I suggest a McAnnulment

Check out this "woman's" expression when she hears that the plane to Barbados is boarding, and tell me she's over fourteen. Not buying it.

And yes, her new husband is a fourteen year old. You didn't notice this during the dating stage, stupid? Maybe you thought he'd grow out of dressing like a teenaged slob? Or did you find that endearing? Made. Bed. Lie.

And didn't you realize that when you marry a little boy, you marry that little boy's friends? This particular bunch of jackasses KNOW they will sabotage the Honeymoon by sending the new hubby a photo of his favorite disgusting, greasy mess of a sandwich, once again Available for a Limited Time at McDonalds. (Quick aside here: why does McRib keep making these unwelcome returns from the grave every couple of years?
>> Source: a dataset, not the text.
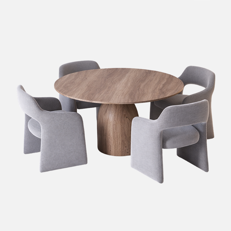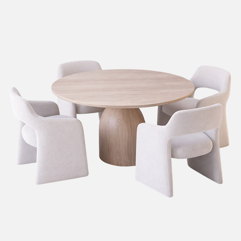 La salle à manger ÉLYSÉE se distingue par un style moderne aux formes douces et arrondies, inspiré de la nature. Son design équilibré crée une ambiance à la fois chaleureuse et élégante, qui s’adapte facilement aux intérieurs contemporains comme aux décors plus naturels.

I have no idea- but I suspect that every once in a while everyone's favorite junk "food" chain makes a deal for several hundred tons of Grade-C pork and several thousand gallons of ketchup disguised as barbecue sauce, and BINGO! McRib is Back!!)

Anyway, this guy realizes that if he goes to Barbados with his child bride he'll "miss the McRib." Setting aside the bizarre notion that a pile of pork swimming in grease between two slices of white bread is something that can be "missed," I gotta ask- how LONG is this Honeymoon anyway? I mean, McRib's sad intrusions into our already nutritionally deficient culture usually last for a month- what the hell? And he discovers that McRib is back because before the newlyweds even manage to board the plane, Hubby has already broken a promise and is checking his cell phone. I feel really good about this relationship.

Actually, everything will work out just fine if Child/Wife learns to shrug her shoulders, roll her eyes, look exasperated and memorize the line "what are you going to do, boys will be boys" and Child/Husband manages to forget about McRibs long enough to notice that Barbados has restaurants which serve real food- and that life isn't all about shoving crap down his cake hole.

Though personally, I think that the best possible thing that could happen here is that this dick's use of a cell phone during flight causes the plane's instruments to go haywire and the damn thing crashes to the Earth. Right on top of the guy's "friends." Leaving no survivors. Sparing Little Girl fifty years of life with a self-absorbed, rude, tasteless jerk. Sparing Little Boy those agonizing months of withdrawal between returns of the McRib. And sparing me any more obnoxiously loathsome ads like this one.


  1. Followed, of course, by a McRestraining Order...oh, wait. The fatty pseudofood will kill him before that becomes a problem.

  2. Every summmer McDonalds has 99 cent 6 piece chicken nuggets. I always assumed this was because the nuggets have say a 10 year life span and they need to get all the decade old nuggets sold before they expire.